The Joseph Rowntree Foundation said its annual minimum income study suggests families must earn a third more than in 2008, to live within social norms.

But the report has been dismissed as "mostly rubbish" by the head of think tank the Adam Smith Institute (ASI).

The government said it was committed to helping the UK's "most vulnerable".

The minimum income standard (MIS) study - commissioned by the charity from the social policy research unit at Loughborough University - suggests a rising number of UK people live below what the public believes is an acceptable standard of living.

This MIS standard includes earning enough to eat a balanced diet, run a car and heat the home.

Researchers questioned 21 focus groups made up of working families, pensioners and single people of working age on a range of incomes.

A couple with two children were said to need to earn a minimum of £18,400 a year each before tax; single people £16,400 a year, while the figure for lone parent with one child is £23,900 and a pensioner couple £12,000 each.

The study said families are being hit hard by a "dangerous cocktail" of rising costs and cuts in three main areas:

Start Quote

If, instead of thinking about the breadline, we consider what level of income is needed for an acceptable standard of living, the debate changes”

End Quote
  • Childcare: Minimum costs have risen by nearly a third since 2008
  • Travel: Bus fares have doubled since the late 1990s which when combined with cuts to public transport, means families with children now deem a car as an essential item
  • Benefit cuts: Earning requirements have increased substantially, cancelling out the benefit of higher income tax thresholds

JRF chief executive Julia Unwin said families faced a "monumental task" to earn enough to get by.

"Parents facing low wages and pressure on their working time have little prospect of finding the extra money they need to meet growing household expenses.

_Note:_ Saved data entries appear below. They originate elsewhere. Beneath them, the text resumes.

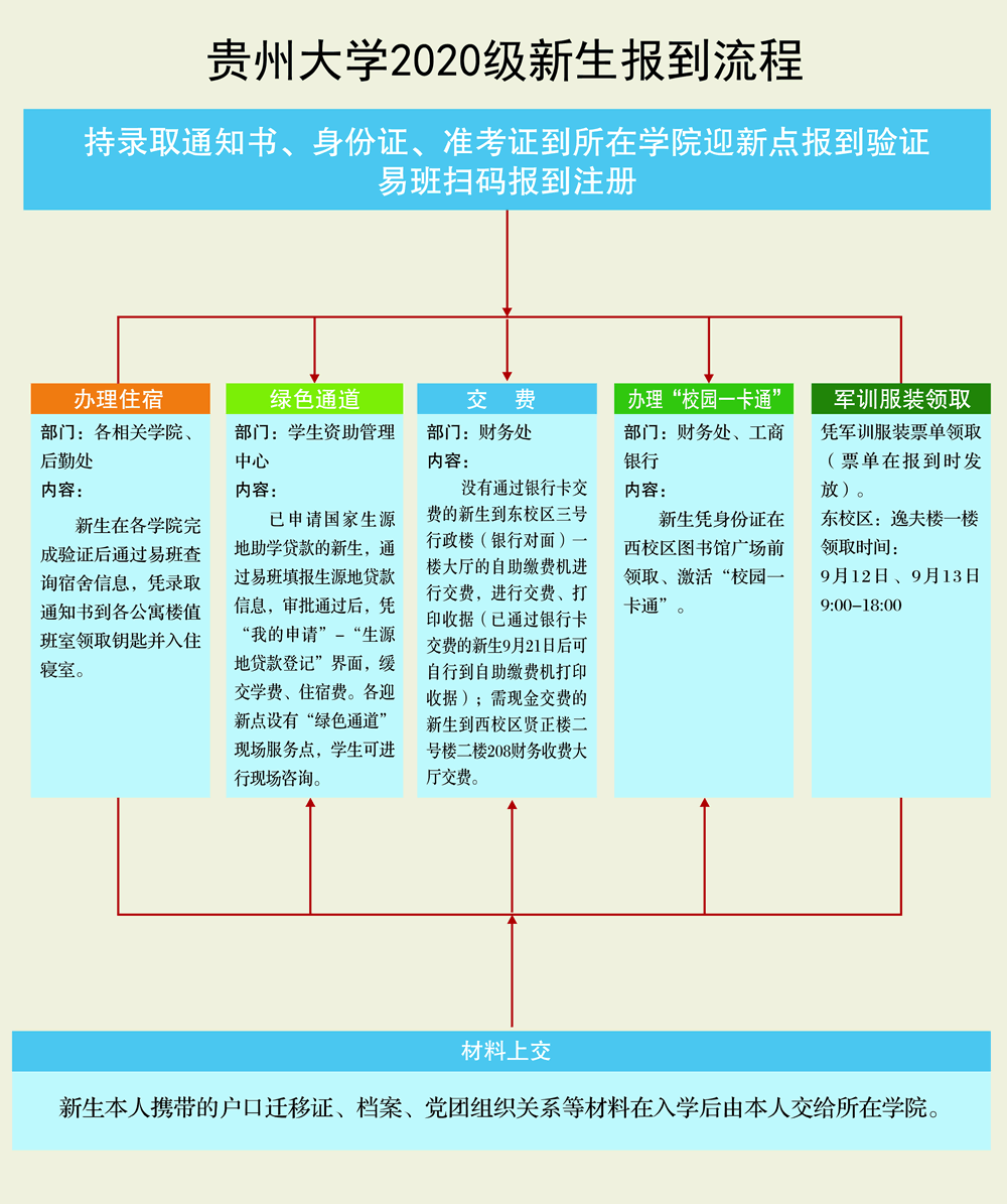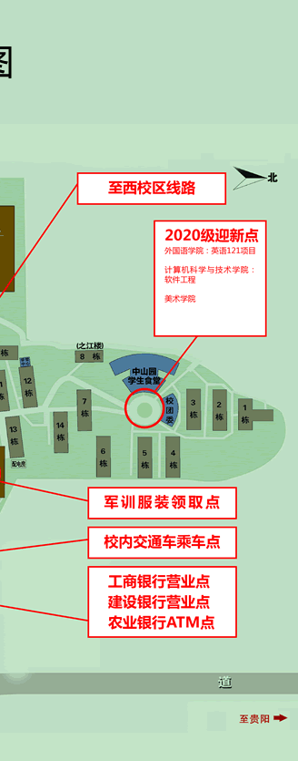 2020级新生报到流程及位置图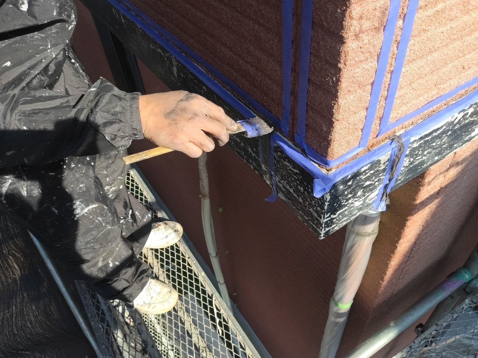 本日は鉄部錆止め、破風・幕板シーリングなどをさせて頂いております。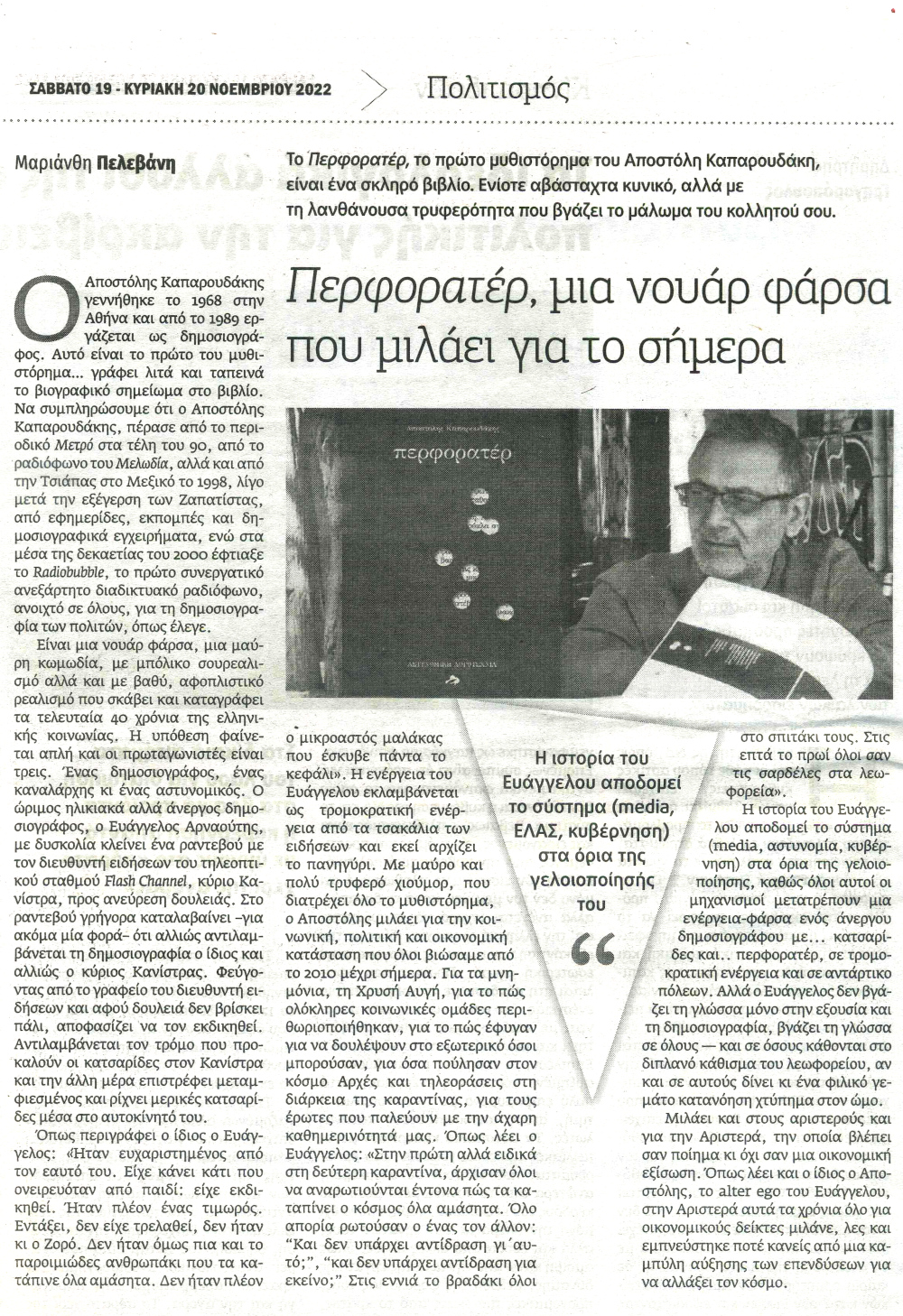 Κριτική παρουσίαση του Περφορατέρ στην εφημερίδα Πριν, από την Μαριάνθη Πελεβάνη.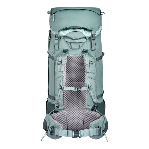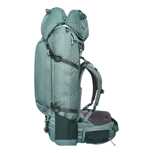 縦走登山に必要なものすべてを収納できる+αのスペースを持つ70Lのバックパックは、荷物の多い登山者やアソビや楽しみを持ち運ぶ登山者にぴったりです。登山で必要とする最低限の荷物に加え、リラックスするためのチェアや宴会の必需品など余分なものも収納できるサイズに設計されています。内部フレームには2本のカーボンファイバー製ステイを使用、上部の荷重制御と荷重分散(重量を腰に移す)をサポートします。フューチュラヨーク(あなたの肩から腰の長さに合わせて調整可能な背面長)は簡単に微調整することができます。体が触れる背面とハーネス部は金型で穴をあける加工を行ったウレタンフォームを採用し高い通気性を確保しました。1本の長いサイドジッパーで内部アクセスが行え、多数の外部ポケットにより、効率的なパッキングが可能です。改良された素材やフレームにより軽量化を実現しつつ、確かな収容量で登山者の要望に応えます。

"Many working people face the risk of sliding into poverty. It illustrates how anti-poverty measures are needed to address not just people's incomes but also the costs that they face."

The research also states that the level of Universal Credit - the government's new benefits system being brought in January 2013 - will strongly influence the ability of households to reach MIS.

'Silly question'

Both the results and methodology of the study have been questioned by Dr Eamonn Butler, director of the think tank ASI, who said the report was "mostly rubbish".

What makes up the MIS?

Minimum weekly spend on some "socially acceptable" life essentials includes:

Household goods and services: Childcare: £147.85, beds and bedding: £3.29, garden equipment: £0.66

Food and drink: Meat £18.08, vegetables: £11.27, snacks: £3.65

Social and cultural: Parent social activities: £30.00, UK holiday: £18.52, birthday gifts: £8.42

Transport: Car: £60.25, public transport: £12.38, Cycling: £1.40

Based on a couple with two young children with a weekly income of £685

"If you ask a silly question you get a silly answer and I think this is a very silly answer.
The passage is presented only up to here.